FER systems can either be categorized as frame or sequence-based depending on whether a static image or a video sequence is used to extract facial features for classification [
7]. In frame-based approaches, only spatial information, such as the appearance and geometry of the facial image, can be used to describe the expression. In contrast, the sequence-based approach can extract spatial and temporal features to describe the evolution of expressions during a video sequence. Frame-based approaches are preferred due to their simplicity, and no assumption is made about how the expression evolves (an assumption for many sequence-based approaches). Therefore, much attention has been given to developing FER systems based on static images. In this category, we can identify two main trends in the development of FER systems. On the one hand, there are FER systems based on the extraction and classification of handcrafted features, and on the other, we have approaches based on deep learning. Handcrafted techniques rely on domain-specific knowledge about the human face, such as facial muscle deformations and the movement of facial components, such as raising the eyes and the opening/closing of the mouth during emotion elicitation.

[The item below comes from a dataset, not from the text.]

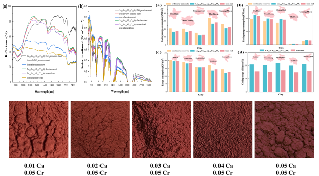 bv伟德国际1946学院崔升教授、张垠教授团队在红色冷颜料领域取得突破性进展。该团队以钙钛矿结构LaAlO3为基体,通过Ca2+和Cr3+离子掺杂调控钙钛矿结构中的A位和B位元素,成功合成了La1-xCaxAl1-yCryO3体系高近红外反射红色冷颜料。通过精确控制Ca2+/Cr3+的比例,实现了高NIR反射性能和鲜艳红色颜料,同时抑制了Cr6+的形成,提高了材料的环境友好性。该颜料在700-2500 nm波段的近红外反射率高达77.61%,在模拟太阳照射下,颜料涂层较传统铁红涂层降低表面温度5 - 6℃,呈现出卓越的隔热性能。EnergyPlus模拟结果显示,该颜料涂层可使南方典型城市建筑年冷却能耗降低19-21%。该材料具有原料易得、工艺简便、性能卓越和成本低等优势,在绿色建筑涂层及户外节能领域具有出良好应用前景。

Within the handcrafted techniques, the geometrical features were developed to describe the shape and location of facial components [
8]. Some work was also undertaken to reconstruct Action Units and interpret their combinations as facial expressions [
9]. Geometric-based FER systems were difficult to develop because they required the accurate labeling of Action Units [
6] and landmarks, which is time-consuming and tedious. During this time, appearance-based FER systems were being developed, giving rise to local descriptors for facial expression representation. Local descriptors were used to extract texture information such as edges, corners, and spots that make up facial expressions and achieved the same or better results while being less tedious to develop than the geometric features.
Recently, deep neural networks have been studied for facial expression recognition [
10,
11]. Unlike traditional techniques, deep learning includes little knowledge about facial structure and appearance. Deep learning systems automatically detect and extract facial features based on a series of layers, such as convolution, pooling, and fully-connected layers. This field is attracting more and more attention due to the improved recognition capacity offered by deep neural networks for static and sequence-based recognition. Mainly, CNN (Convolution Neural Networks) is the basic model for extracting more discriminative spatial features from face images, while RNN (Recurrent Neural Networks) and LSTM (Long Short-Term Memory) networks are suitable for characterizing the spatio-temporal features of sequences [
12].
In the literature, there have been a few attempts to compare the different methods based on local descriptors and traditional classifiers for facial expression recognition. In 2018, Turan and Lam [
13] studied 27 local descriptors under different conditions, such as varying image resolutions and the number of sub-regions. Two classifiers were used to recognize a different number of expressions on four facial expression databases. Their results were comparable to the state-of-the-art deep learning approaches on well-known datasets. Slimani et al. [
14] studied the independent performance of 46 LBP variants for facial expression recognition. A single classification technique (i.e., SVM) was used to classify seven expressions. The study showed that several local descriptors, initially proposed for other classification problems, outperformed the state-of-the-art four databases.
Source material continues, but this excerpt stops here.